First, we need to understand two questions:

  1. Why multithreading?
  2. What are the application scenarios of multithreading?

Why does It use multithreading?

Using multithreading is essentially about improving program performance. So what are the performance metrics?

  1. Latency: Latency is the time between sending a request and receiving a response. The shorter the latency, the faster the program executes and the better its performance.
  2. Throughput: Throughput refers to the number of requests that can be processed per unit of time. Higher throughput means that the program can handle more requests and better performance.

By improved performance, we mean lower latency and higher throughput. To do this, you need to understand multithreading scenarios.

Application scenarios of Multithreading

In the world of concurrent programming, improving performance is essentially improving hardware utilization, which translates to improving I/O and CPU utilization. Operating system to solve the problem of hardware utilization is often a single hardware device, and concurrent programs often need CPU and I/O devices to work together, so we need to consider the overall utilization of CPU and I/O devices.

Let’s look at how multithreading can improve CPU and I/O utilization. Assume that the program is run as a CPU calculation and I/O operation are executed alternately, and that the CPU calculation and I/O operation take 1:1 time.

As shown in the figure, when there is only one thread performing CPU calculations, the I/O device is idle. The CPU is idle during I/O operations. Procedure So they’re both 50% utilization.



If another thread is added, as shown in the figure, when thread A performs CPU calculation, thread B performs I/O operations. When thread B performs CPU calculations, thread A performs I/O operations. This achieves 100% UTILIZATION of CPU and I/O devices.



We just increased both CPU and I/O device utilization to 100% and doubled the number of requests per unit time, which means throughput doubled. Think about it the other way around:If CPU and I/O device utilization is low, you can try to increase throughput by adding threads.

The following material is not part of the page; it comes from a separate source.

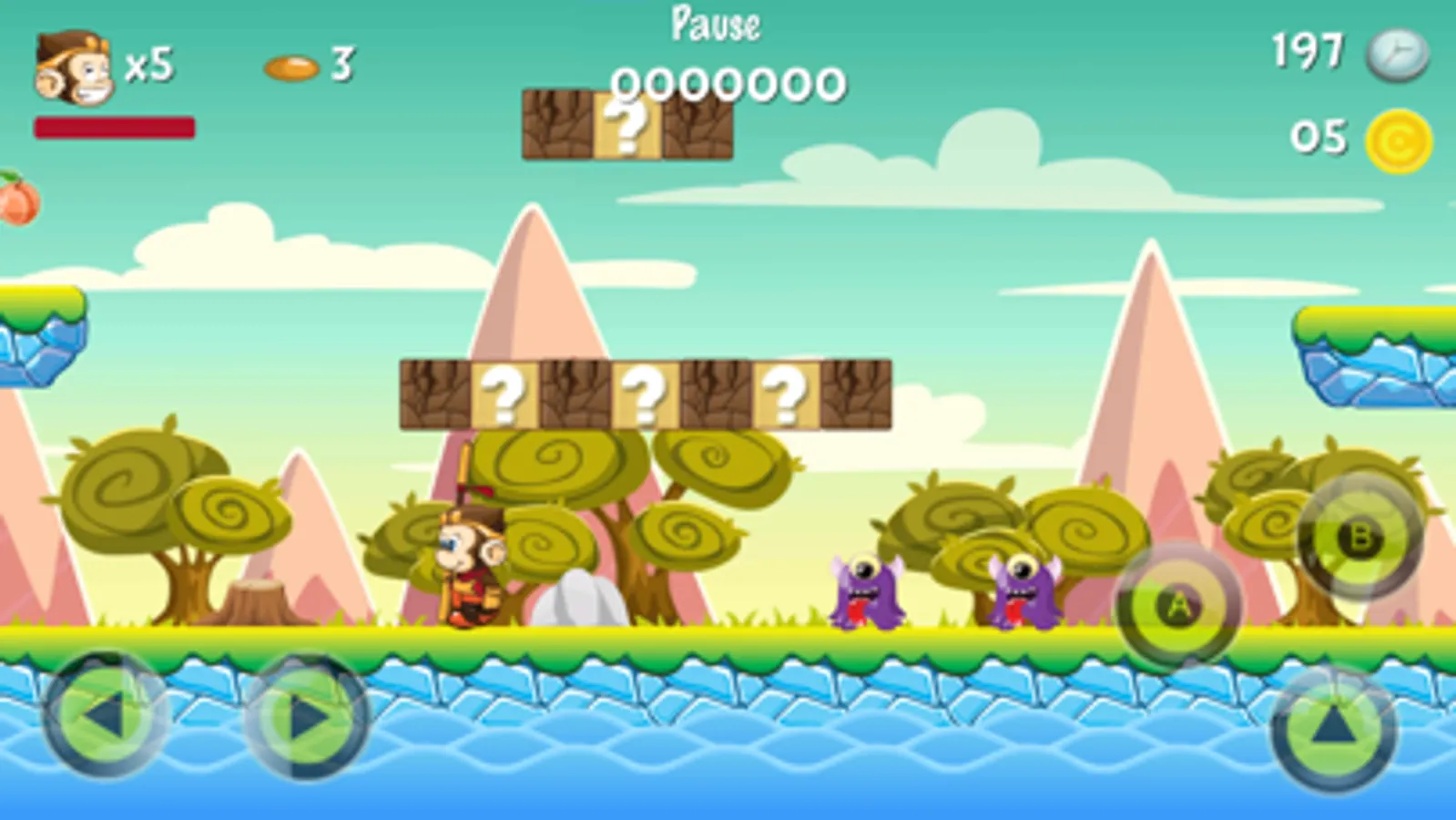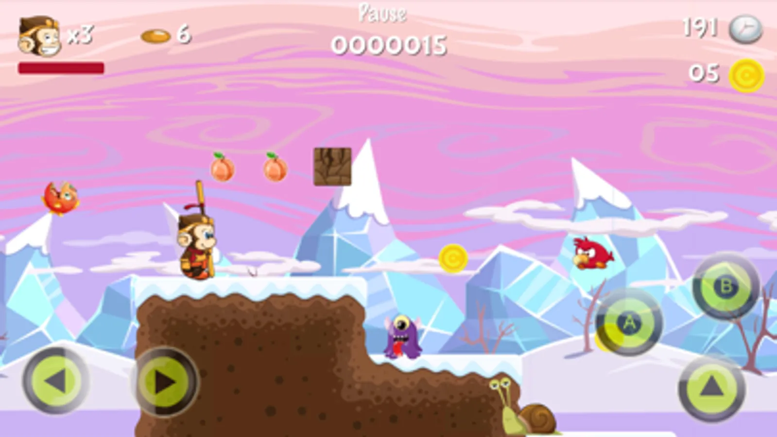 - Break the bricks to get bananas, peaches, and coins

In the era of single-core CPUS, multithreading was mainly about balancing cpus and I/O devices. If the program only has CPU computation and no I/O operations, multithreading will not improve performance but decrease it, because multithreading increases the cost of thread switching. However, in the multicore era, this purely computational scenario can improve performance by using multiple threads, because multiple cores reduce response times.

For example: calculate 1+2+… +10 billion, if executed with A 4-core CPU program, A computations (125 billion), B computations (2.5 billion, 5 billion), C computations (5 billion, 7.5 billion), D computations (7.5 billion, 10 billion), and finally summed up. This would theoretically be about four times faster than a single thread calculation [110 billion], reducing the response time to 25%. One thread, for a 4-core CPU, is only 25% utilization, while four threads can increase CPU utilization to 100%.

                 

How many threads does It create?

How many threads are appropriate depends on the context in which multithreading is used. There are two general cases:

  1. I/O intensive
  2. cpu-intensive

The method of calculating the optimal number of threads is different for I/O intensive and CPU intensive programs. Let’s break it down.

♠ CPU intensive

For CPU-intensive computing, multi-threading essentially improves CPU utilization. Therefore, for a 4-core CPU, each core has one thread. Theoretically, it is ok to create 4 threads, and creating more threads will only increase thread switching costs. Therefore, for CPU-intensive computing scenarios, “number of threads = number of CPU cores” is ideally appropriate. In practice, however, the number of threads is usually set to “CPU cores + 1”, so that if the thread is blocked due to the occasional memory page failure or other reasons, the extra thread can take over, thus ensuring CPU utilization.

♠ I/O intensive

For I/O intensive computing scenarios, such as the previous example, if the CPU computation and I/O operation time is 1:1, then two threads is most appropriate. If the CPU computation and I/O operation takes 1:2, how many threads are appropriate? There are three threads, as shown in the figure: THE CPU switches between threads A, B, and C. For thread A, when the CPU switches back from threads B and C, thread A just completes the I/O operation. This achieves 100% utilization of both the CPU and I/O devices.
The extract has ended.